SLO-safe density & overcommit
Kernel enforcement makes tight packing safe; the optional L1 layer converts that safety into capacity. Both components are off by default — complement mode — and each is one helm flag away.
infera); the commands below are what works today. A rename migration is planned.Complement mode (the default)
Out of the box, Temper does not touch placement. Karpenter, Cast AI, Cluster Autoscaler, or the stock scheduler decide where pods go; Temper decides who gets the CPU once they share a node.

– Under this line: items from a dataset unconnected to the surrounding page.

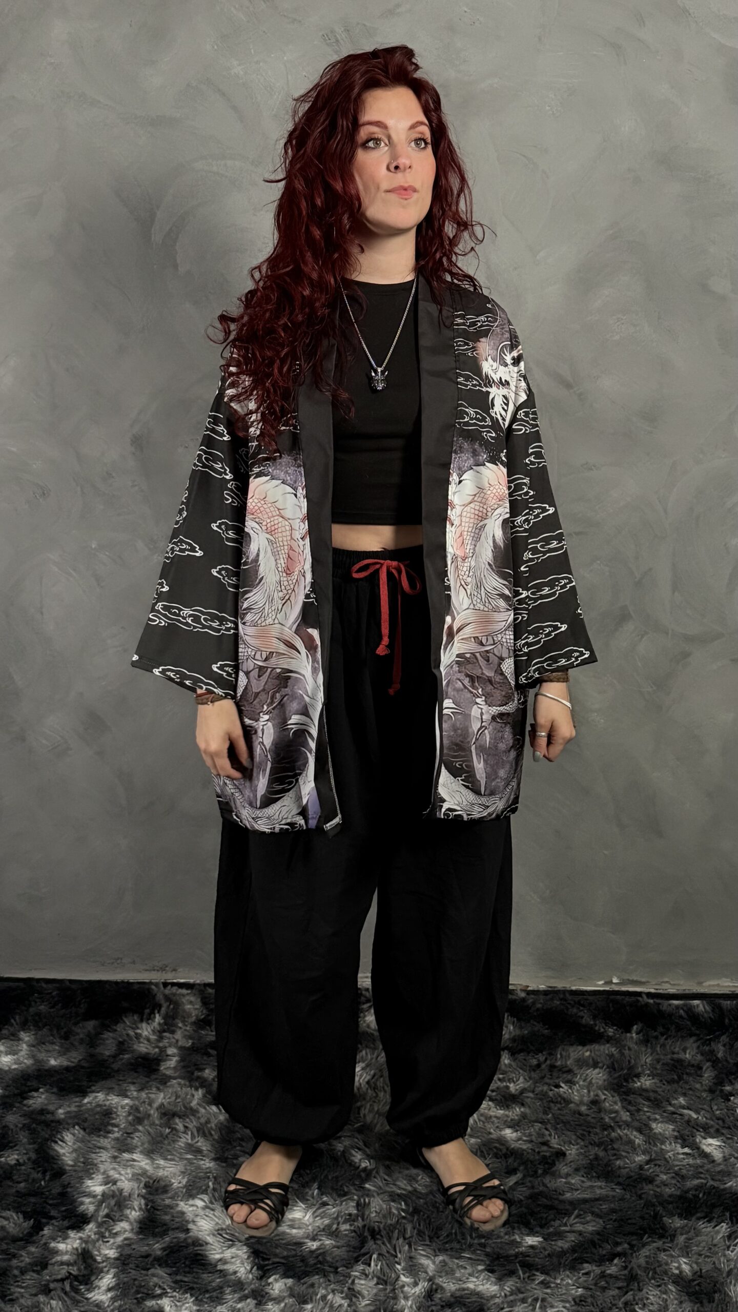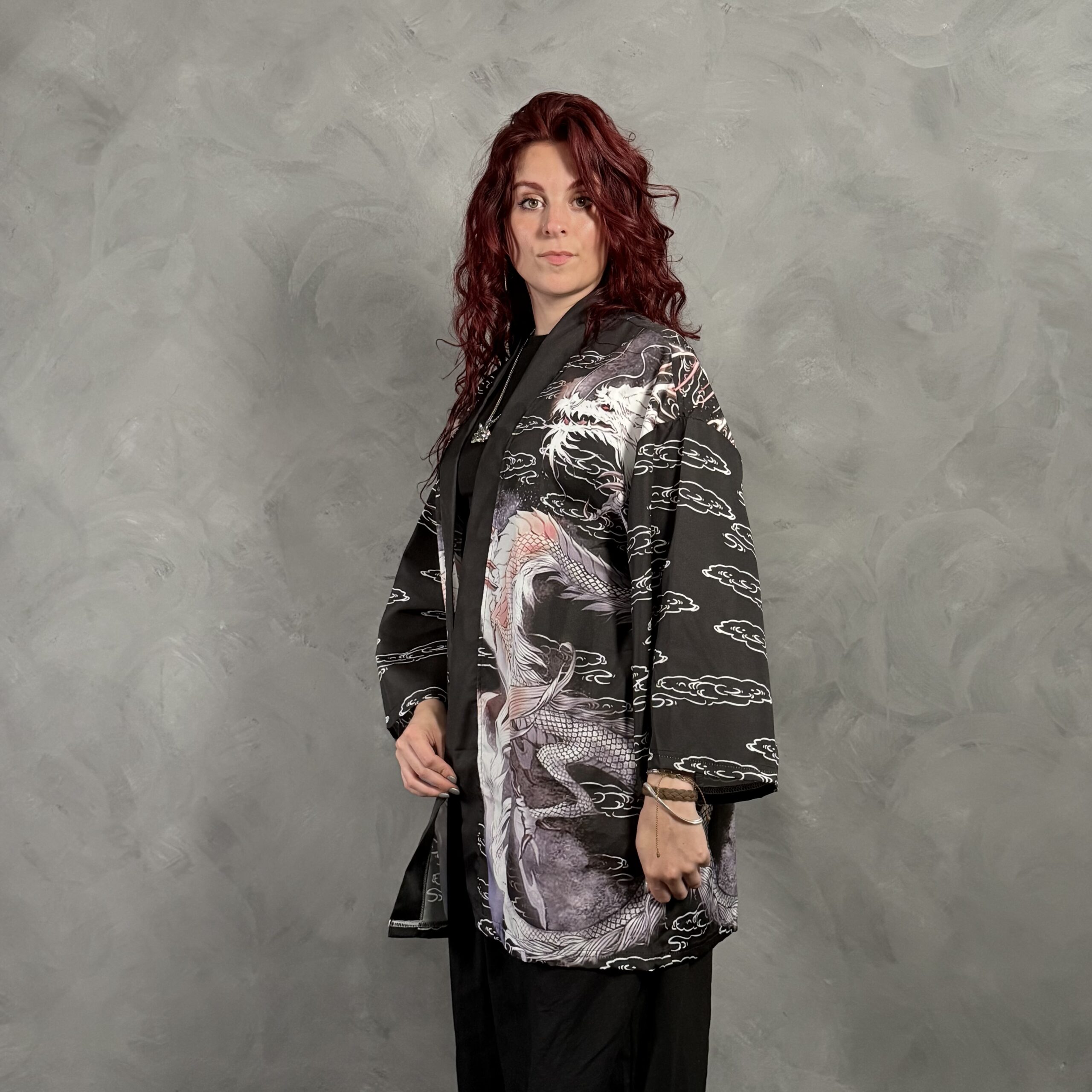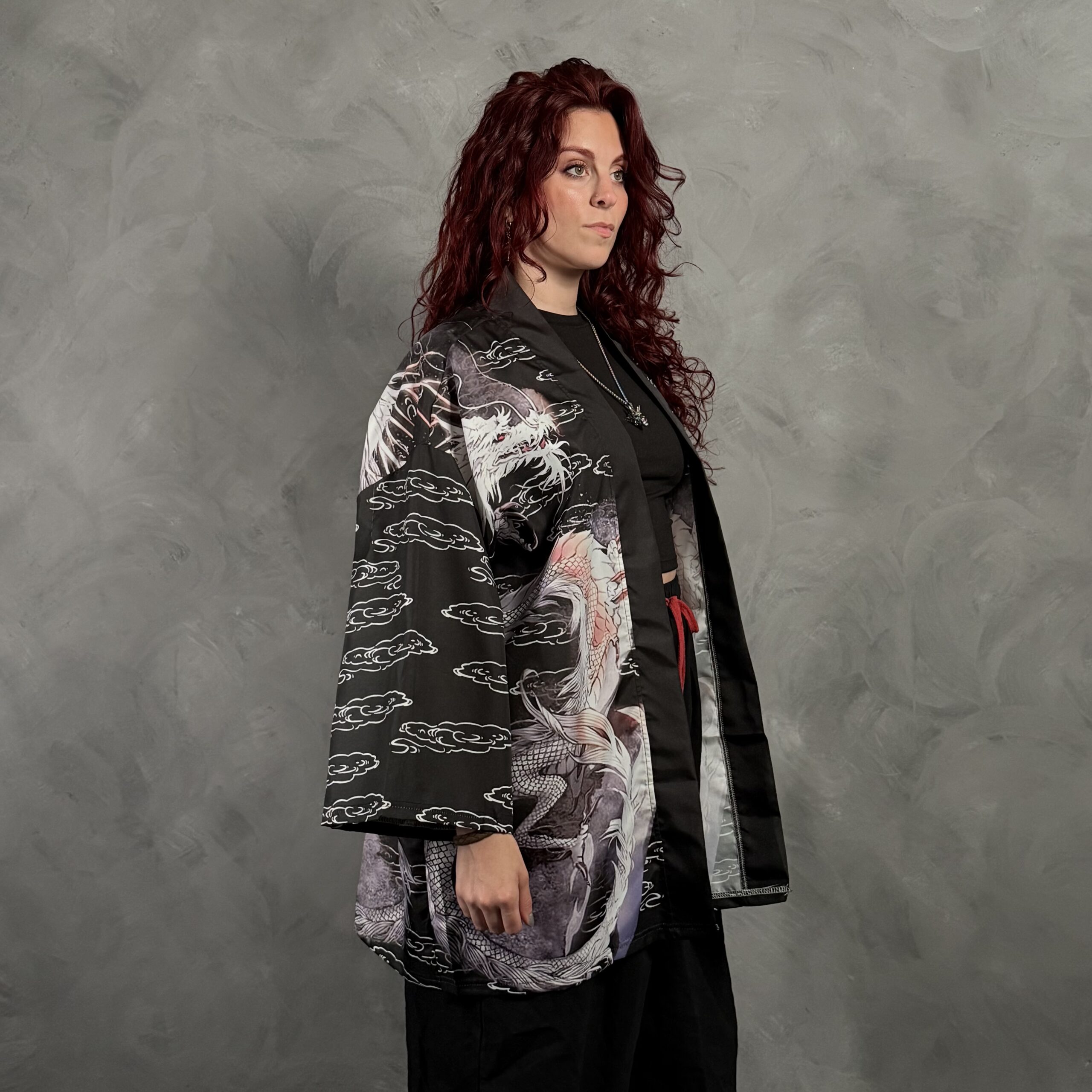 Haori oversize con dragones blancos enfrentados y sol rojo en el centro. Simboliza equilibrio y fuerza. Hecho en poliéster suave.
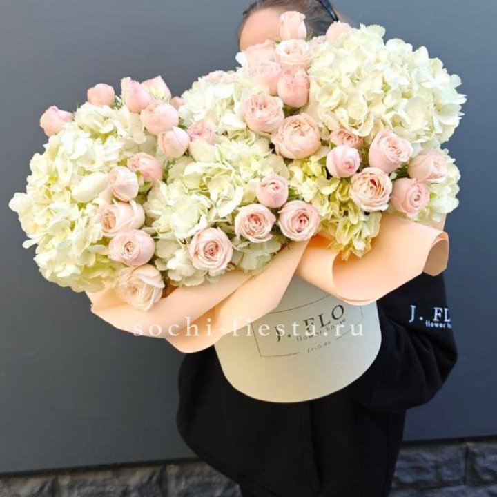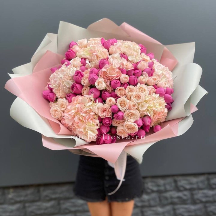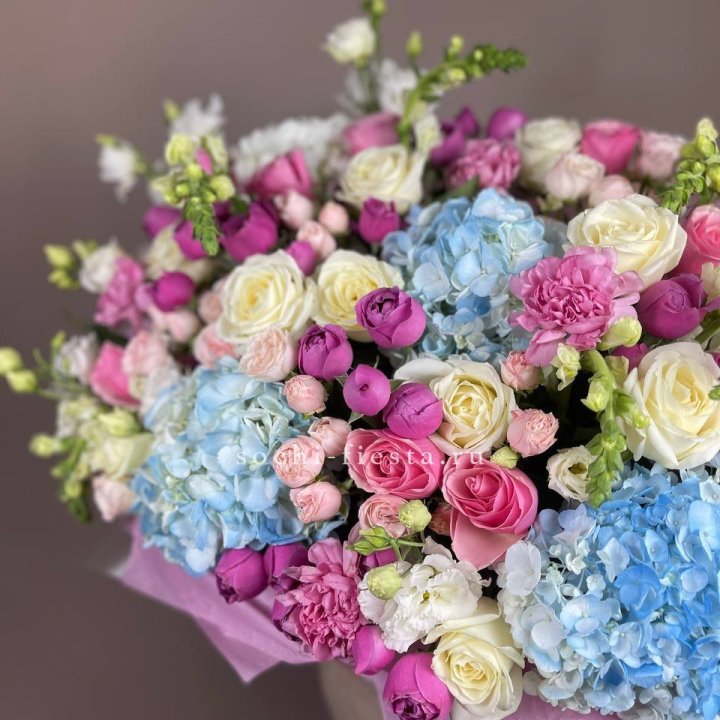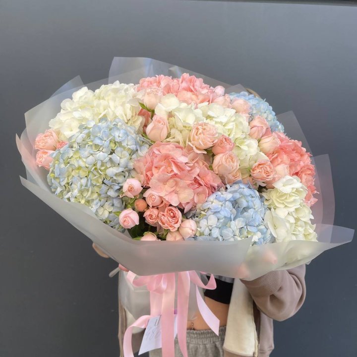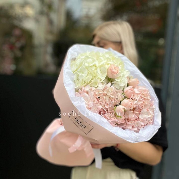 Букет кустовые розы и гортензия
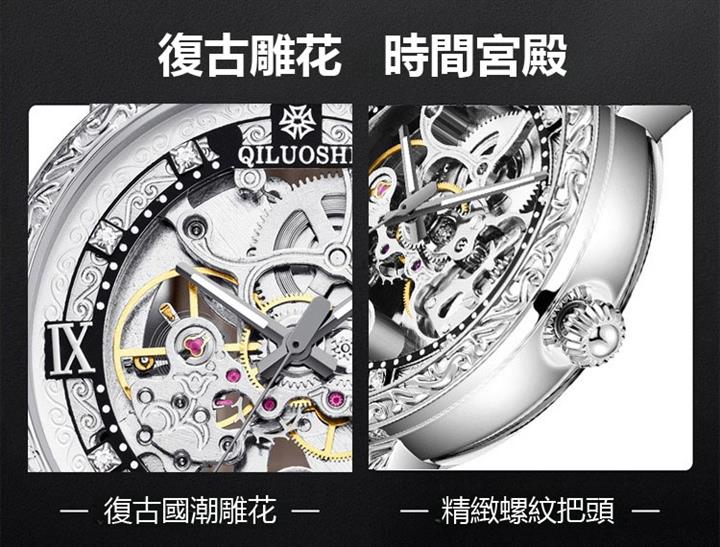 全自動機械鋼帶時尚復古動感鏤空錶盤男錶Wat38
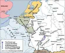 Le maréchal Duras et Vauban, avec 30 000 hommes sous le commandement nominal du Dauphin, assiègent la forteresse de Philippsburg, située dans l'électorat de Trèves, du au . Elle tombe après une âpre lutte[38]. L'armée française continue vers Mannheim qui tombe le , puis vers Frankenthal. D'autres villes tombent sans résistance comme Oppenheim, Worms, Bingen, Kaiserslautern, Heidelberg, Spire et surtout la stratégique forteresse de Mayence. Après que Coblence eut refusé de se rendre, Boufflers la soumet à un intense bombardement qui provoque de gros dégâts mais ne fait pas tomber la ville[38].
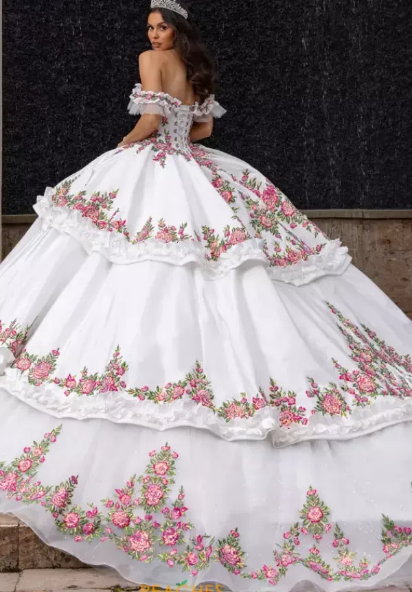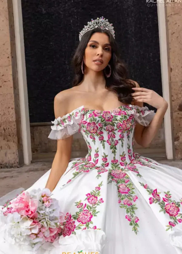 This Rachel Allan Quince dress is something you won’t forget and you will make memories that last a lifetime, Featuring a fashionable off the shoulder scoop neckline, Style RQ5015 comes with a detachable jacket that let’s you change your look for photos. With its beautiful floral applique and eye catching layers, this dress is truly stunning and unforgettable.
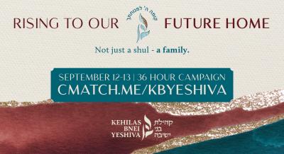 "Kehilas Bnei Yeshiva is a place where young families go to connect and grow in their Avodas Hashem, where they can forge a close relationship with the Rav, and be able to confide with Daas Torah. The members feel like Kehilas Bnei Yeshiva is their shul and their second home, and that the shul is there for them and their families. As the shul grows, the walls of our Bais Medrash must also grow to enable more young families to be a part of this great institution. Therefore, at this time we need to look into buying and investing in a place to reach and service more people in our community. We are ever so grateful and could not have gotten here without the support and effort from all of our esteemed members. We thank the Ribono Shel Olam for all His kindness until this point, and may it be His will that we continue in our growth and success." -Rabbi Akiva Meister
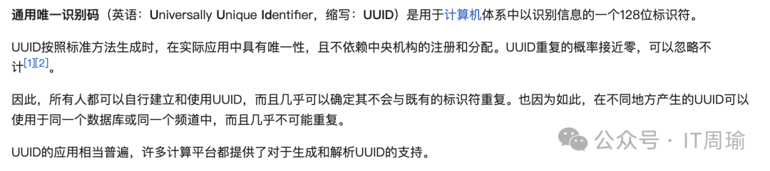 不过由于UUID会占用更多的空间和本身的无序性,会影响数据库的插入、查询等操作的效率,需要慎重考虑是否使用。

This is deliberate: the node engine needs only Kubernetes-native inputs, so it works under any placer, and your existing tool’s aggressive mode stops being scary — the blast radius of a wrong prediction becomes batch throughput, not the p99 of a revenue service.
Measured with Karpenter as the autoscaler in both arms: same load, same SLO, −40% provisioned vCPU (12 vs 20). Temper made the tighter packing hold.
# complement mode is simply the default:
helm install infera deploy/helm/infera -n infera --create-namespace
# scheduler.enabled=false, webhook.enabled=false
The density-aware scheduler plugin
When you do want Temper placing pods, the scheduler plugin extends kube-scheduler with awareness of L0’s enforcement state. It reads the per-tier load annotations every agent publishes (pod counts and CPU millis per tier) and scores nodes by where protection capacity actually exists — contention-aware for latency-critical pods, packing-aware for batch.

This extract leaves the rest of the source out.